As policymakers begin discussions of what may entail the largest tax system overhaul in decades, there is reason to be skeptical of what this conventional narrative implies. Statutory tax rates can be misleading for two reasons. First, they do not tell us the rate that top earners actually pay, which tends to be significantly lower due to a wide array of deductions, exemptions and other legal loopholes.
For example, in 1960 the statutory top marginal rate on filers reporting over $1 million in income sat at 91 percent. The actual effective tax rate paid for the same million-dollar bracket was just 46 percent due to the use of deductions and other legal techniques to reduce one’s overall tax burden. Second, top marginal rates tell us very little about where the locus of the actual tax burden sits across all income earners.
To illustrate this second point, let’s consider another set of statistics. Since 1979 the Congressional Budget Office has tracked the overall share of federal income tax liability paid by the top earners. These figures include the top 1 percent and top 10 percent of all tax filers, and show a marked increase since the start of the series. For example, the top 1 percent of tax filers paid 18.4 percent of the federal income tax share in 1979. In the most recent set of figures, they paid 38.3 percent of the burden.

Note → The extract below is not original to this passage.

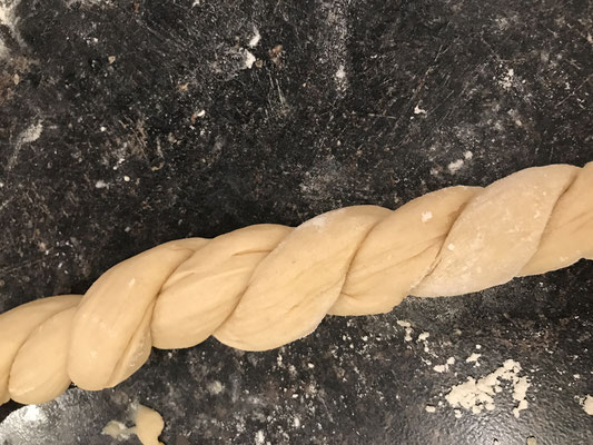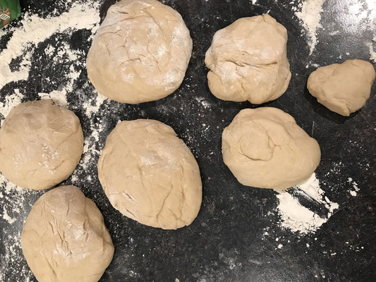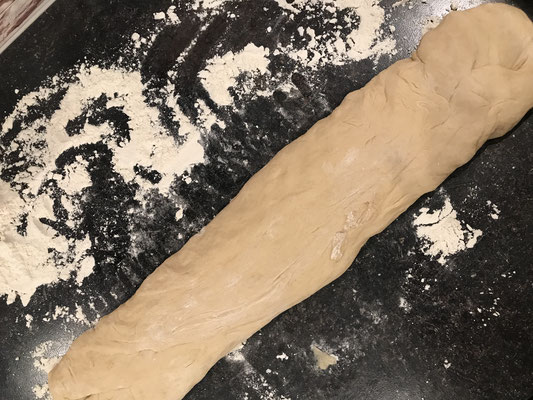 Soooooooo was jetzt ganz wichtig ist: den Teig nochmals durchkneten auf der bemehlten Fläche und immer wieder das Mehl auf der Arbeitsfläche ,,auffüllen"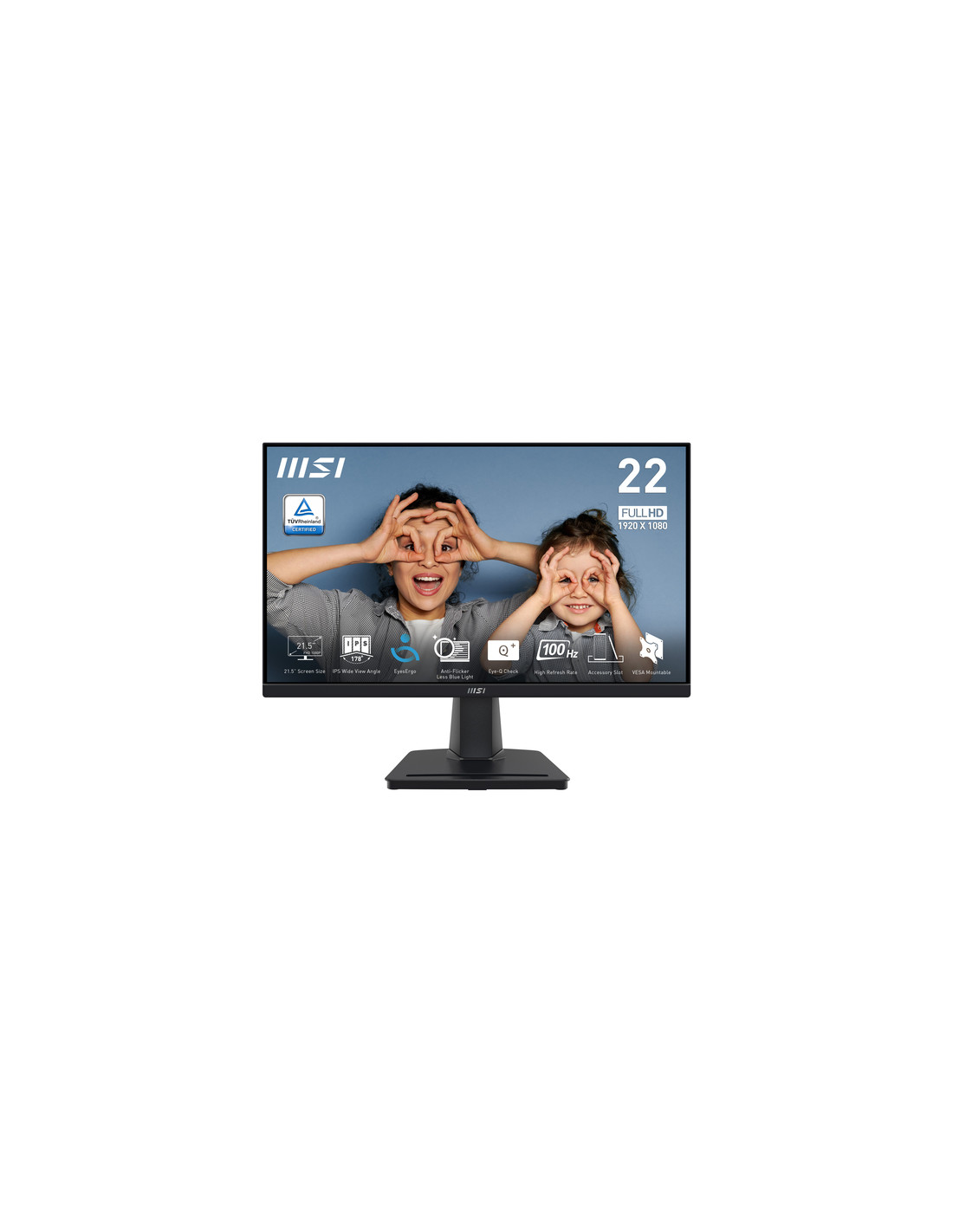MSI PRO MP225. Dimensioni diagonale schermo: 54,6 cm (21.5"), Risoluzione del display: 1920 x 1080 Pixel, Tipologia HD: Full HD, Tecnologia display: LED, Tempo di risposta: 4 ms, Rapporto d'aspetto nativo: 16:9, Angolo di visualizzazione (orizzontale): 178°, Angolo di visualizzazione (verticale): 178°. Altoparlanti incorporati. Montaggio standard VESA. Colore del prodotto: Nero

This upward trend suggests the locus of the federal income tax burden has shifted toward the wealthiest earners, despite the tax rate reductions over the same period. But how does it compare to earlier parts of the 20th century?
To find out, I estimated the federal income tax share of the top 1 percent and top 10 percent of filers dating back to the earliest complete IRS records in 1916. When joined with the CBO series in 1979, they reveal a fascinating century-long pattern that complicates the conventional narrative about the effects of high statutory rates on the wealthiest earners.
The share of the federal income tax liability paid by the wealthiest tax filers follows a pronounced U-shaped pattern over the course of the 20th century. When the income tax was adopted in 1913, the federal tax burden fell almost entirely upon upper-middle and upper class incomes and the wealthiest earners among them shouldered nearly the entirety of the federal income tax burden. The wealthiest 1 percent of tax filers routinely paid in excess of 70 percent of the federal income tax burden. The top 10 percent of filers often provided over 90 percent of tax payments.
All of this changed with a succession of tax code overhauls at the outset of World War II. As a result of wartime spending demands, Congress lowered the minimum income tax cutoff making tens of millions of middle and lower income Americans eligible to pay income taxes for the first time. In 1943, the IRS also imposed automatic payroll deduction as a way to increase tax compliance. Previously, taxes were self-reported and self-collected. By shifting this task to employers, the IRS dramatically increased tax enforcement upon earners in lower income brackets. Combined with the imposition of new rates on these same brackets, the federal tax base exploded in numbers almost overnight. In 1939, the IRS received just under 7 million tax returns from persons earning less than $5,000 a year. By 1944, that number had ballooned to over 44 million filers.
The World War II tax measures had another effect: The tax base expansion actually shifted the locus of the federal income tax burden away from the wealthiest earners, and onto middle income Americans.
Congress retained many of these wartime tax measures after the conclusion of hostilities in 1945 and converted them into a permanent peacetime tax system. With almost all income earners now eligible to pay taxes, the burden of that system also shifted sharply toward the middle class and remained there until the Reagan tax cuts. Since the early 1980s, the income tax burden has shifted back towards the wealthiest filers even though top statutory rates have been reduced.
The shift of the last 30 years reflects a movement away from the World War II-era tax code in which almost all income earners were brought into the revenue streams of the federal government. It stands in contrast against the mid-century policies of an expansive tax base that imposed a far more expansive tax burden on lower and middle income earners, even as the top statutory rates on the wealthy reached their historical high mark. Perhaps it’s time to shed the myth that depicts the mid-20th century as a golden age of tax progressivity and fairness.